Tips for Filing an I-601A Provisional Waiver Application

Are you a green-card seeker living in the U.S. and planning to make use of the U.S. government’s provisional waiver procedures? This checklist will help you assemble the appropriate forms, documents, and fees.

By , J.D. · University of Washington School of Law

If you are a green-card seeker planning to make use of the U.S. government's provisional waiver procedures, the checklist below will help you make sure that you have assembled all the appropriate forms, documents, and fees. This will help you ask U.S. Citizenship and Immigration Services to forgive your past unlawful U.S. presence and allow you to receive a green card—and that it do so before, not after you leave the U.S. for your consular interview. Nevertheless, we recommend getting an attorney's help with this, both to make sure you are eligible and to help you prepare a complete and convincing waiver application.

For background on who is eligible for this waiver (sometimes also called the "stateside" waiver) and why it is useful, see Staying in the U.S. With the I-601A Provisional Waiver of Inadmissibility.

Who Benefits From an I-601A Waiver

This waiver possibility is especially beneficial for spouses, parents, and children (unmarried, under age 21) of U.S. citizens and permanent residents who entered the U.S. illegally and stayed for six months or more. Such people might technically qualify for a green card, but their unlawful U.S. entry makes them ineligible to get it via the U.S.-based process called "adjustment of status," and traveling overseas could expose them to a time bar of up to ten years upon their return.

One important condition of the waiver is that the immigrant-applicant has a qualifying relative (U.S. citizen spouse or parent) who will suffer extreme hardship if the green card (immigrant visa) is denied.

With consular processing their only procedural option, going forward with their green card application can mean risking getting stuck outside the U.S., possibly separated from their family, for the next three or ten years, as a penalty for their past unlawful presence. But the provisional waiver process lets them make sure they'll be approved for the waiver before they leave the United States for their immigrant visa interview.

Checklist: What to Include in an I-601A Provisional Waiver Application

You will need to prepare or assemble the following for your provisional, stateside waiver application. For any original document other than the USCIS form, send photocopies, not originals.

  • USCIS Form I-601A. Available for free on the I-601A page of the USCIS website.
  • Receipt of payment for the immigrant visa processing fee. You will be asked to send this to the Department of States (DOS) after your visa petition has been approved but before you are scheduled for a consular interview. Place the receipt on top of Form I-601A.
  • Application fee. The primary application fee is $630 (early 2024 figure). Fee waivers are unavailable.
  • Biometrics fee.

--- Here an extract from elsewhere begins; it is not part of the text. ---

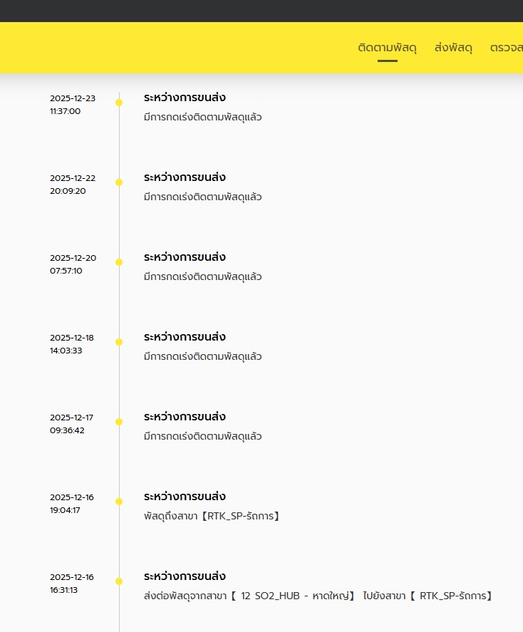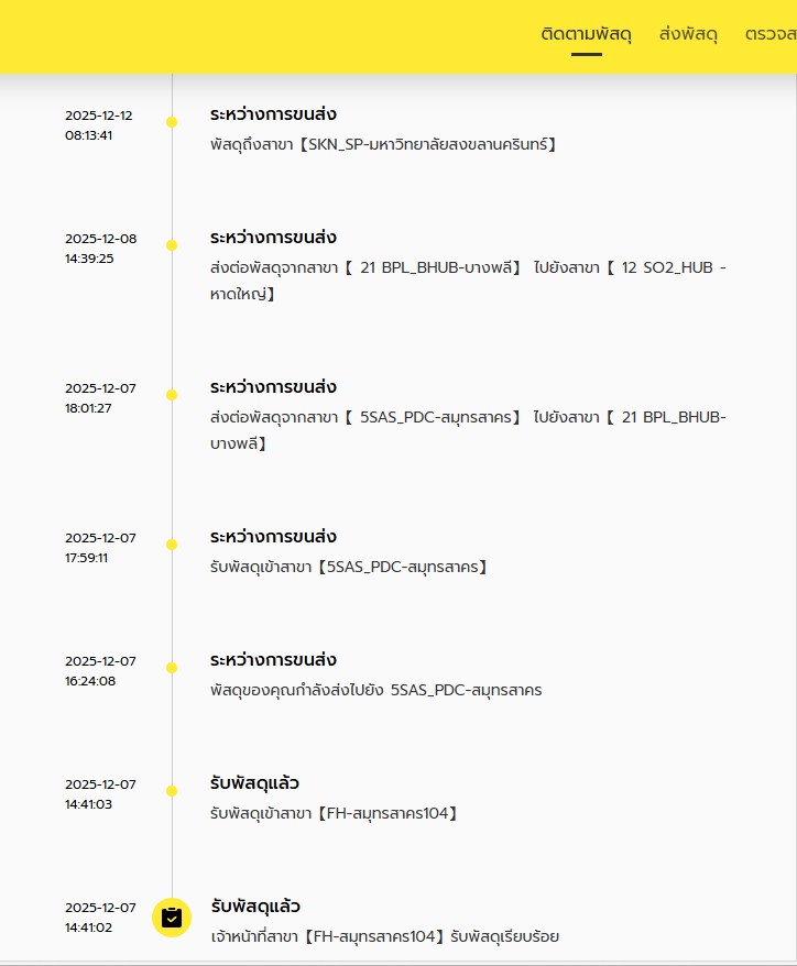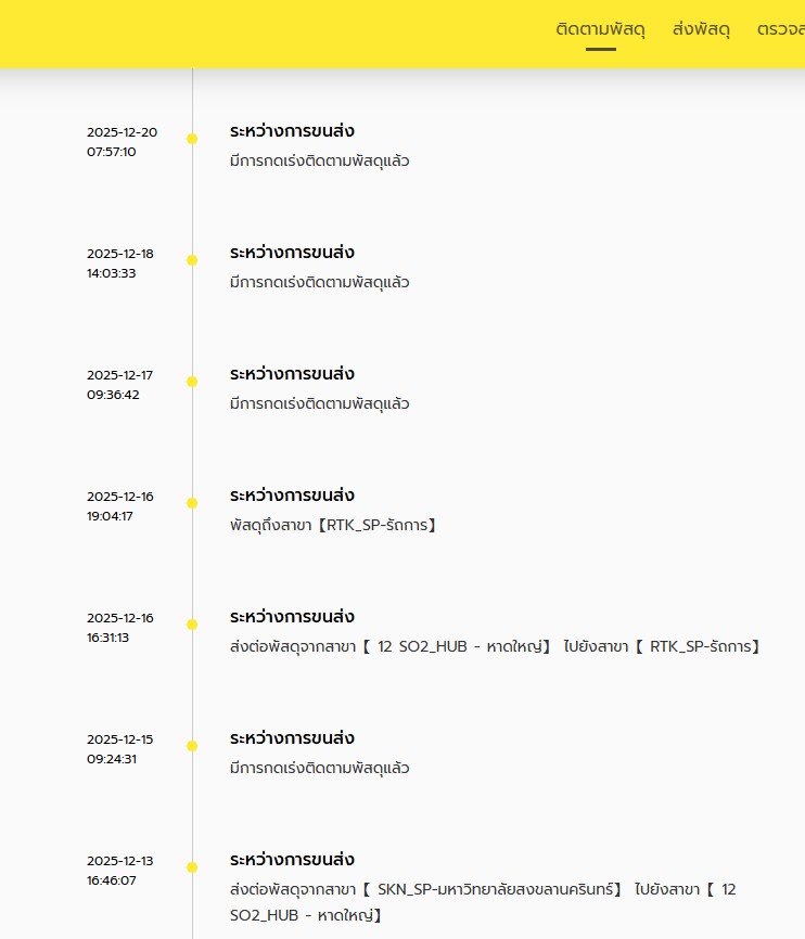 ขนส่งเข้ารับของ TH200384VSCS6C เมื่อวันที่19 ธ.ค 2568แล้วขึ้นว่ามาถึงสาขาหนองใหญ่ ชลบุรี วันที่20ช่วงเที่ยง วันนี้วันที่ 23 แล้ว ยังไม่มีการอัพเดท ว่าจะส่งถึงปลายทางเลย เบอร์ติดต่อก็ไม่มี โทรหาคอลเซนเ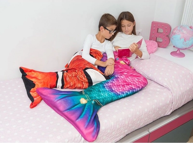 Wir präsentieren Ihnen eine stilvolle und bequeme Decke, die jeden momentanen Ausflug in die Märchenwelt belebt. Dank ihrer weichen Textur und der farbigen Muster hält sie auch an den kältesten Tagen warm. Sie bietet nicht nur Komfort, sondern bringt auch ein Stück Magie in Ihr Zuhause. Ideal zum Entspannen auf Sofa oder Bett, diese Decke imitiert die elegante und bezaubernde Form einer Meerjungfrau.

If you are younger than age 79, you must pay the biometrics (fingerprinting and so on) fee of $85 (early 2024 figure).
  • Proof that USCIS approved your family-based I-130 petition. Send a copy of the USCIS Form I-797 approval notice. Double check that it classifies you as the immediate relative of a U.S. citizen.
  • Proof of U.S. citizen status of your qualifying relative IF that person is not the one who submitted the family I-130 petition for you. Your qualifying relative is the U.S. citizen who suffer extreme hardship if you were denied the waiver and green card. A copy of the birth certificate, passport, or naturalization certificate is your most likely bet here.
  • Proof of your relationship to your qualifying relative IF that person is not the one who submitted the family visa petition for you. A copy of a marriage or birth certificates will serve here. If it's a marital relationship and either of you were previously marriage, include divorce or death certificates to prove that the past marriage ended.
  • Documents detailing the extreme hardship that your qualifying relative(s) would suffer. This is the most challenging part of the application, and depends on personal circumstance. If, for example, your U.S. citizen has a medical condition that requires your constant care, a doctor's letter and copies of test results would be appropriate. Typical areas of extreme hardship focus on health, educational, financial, personal, and any other relevant considerations. Decisions are made on a case-by-case basis.

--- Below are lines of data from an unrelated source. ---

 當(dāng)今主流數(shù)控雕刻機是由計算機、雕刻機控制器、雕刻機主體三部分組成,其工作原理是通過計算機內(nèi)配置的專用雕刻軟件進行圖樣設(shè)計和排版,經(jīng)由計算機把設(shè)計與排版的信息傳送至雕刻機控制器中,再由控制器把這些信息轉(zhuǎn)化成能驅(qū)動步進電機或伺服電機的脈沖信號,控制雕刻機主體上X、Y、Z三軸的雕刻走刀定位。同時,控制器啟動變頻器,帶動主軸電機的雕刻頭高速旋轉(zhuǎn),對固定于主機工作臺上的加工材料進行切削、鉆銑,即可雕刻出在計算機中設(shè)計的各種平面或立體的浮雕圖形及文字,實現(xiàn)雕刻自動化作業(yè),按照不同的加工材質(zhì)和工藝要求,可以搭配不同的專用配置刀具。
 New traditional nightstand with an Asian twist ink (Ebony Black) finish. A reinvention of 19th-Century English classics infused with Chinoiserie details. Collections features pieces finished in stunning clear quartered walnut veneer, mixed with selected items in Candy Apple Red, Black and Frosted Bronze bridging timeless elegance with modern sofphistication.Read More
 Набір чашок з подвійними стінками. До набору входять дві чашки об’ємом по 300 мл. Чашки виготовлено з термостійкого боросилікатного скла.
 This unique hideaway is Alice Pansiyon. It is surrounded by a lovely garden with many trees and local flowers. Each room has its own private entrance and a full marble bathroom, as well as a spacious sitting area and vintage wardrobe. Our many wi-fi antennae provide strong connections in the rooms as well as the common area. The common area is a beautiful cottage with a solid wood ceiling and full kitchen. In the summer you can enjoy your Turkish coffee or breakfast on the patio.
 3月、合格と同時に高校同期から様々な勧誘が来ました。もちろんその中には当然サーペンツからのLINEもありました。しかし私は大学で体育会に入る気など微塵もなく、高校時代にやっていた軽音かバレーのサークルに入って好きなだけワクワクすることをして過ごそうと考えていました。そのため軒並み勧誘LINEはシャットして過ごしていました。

After preparing the application, make a complete copy for your records (and in case it gets lost). Send it by courier or U.S. mail with return receipt requested, so that you'll have proof that you mailed it, to the address in USCIS's online instructions for Form I-601A.

Will USCIS Require Provisional Waiver Interviews?

It is unlikely that you will be called in for an interview on your provisional waiver request. After all, USCIS would need to transfer the file from its National Benefits Center to a local office for this. Nevertheless, USCIS has the power to do this if it feels that a personal meeting is the best way to make a decision on your waiver request.

The ultimate decision-maker is the overseas U.S. consulate, however. Even if your waiver application is approved, the consulate can decide that you didn't deserve it and deny the waiver and the immigrant visa. Or, the consulate can find you inadmissible on some other grounds. This is why it can be helpful to hire an attorney for assistance through the entire process.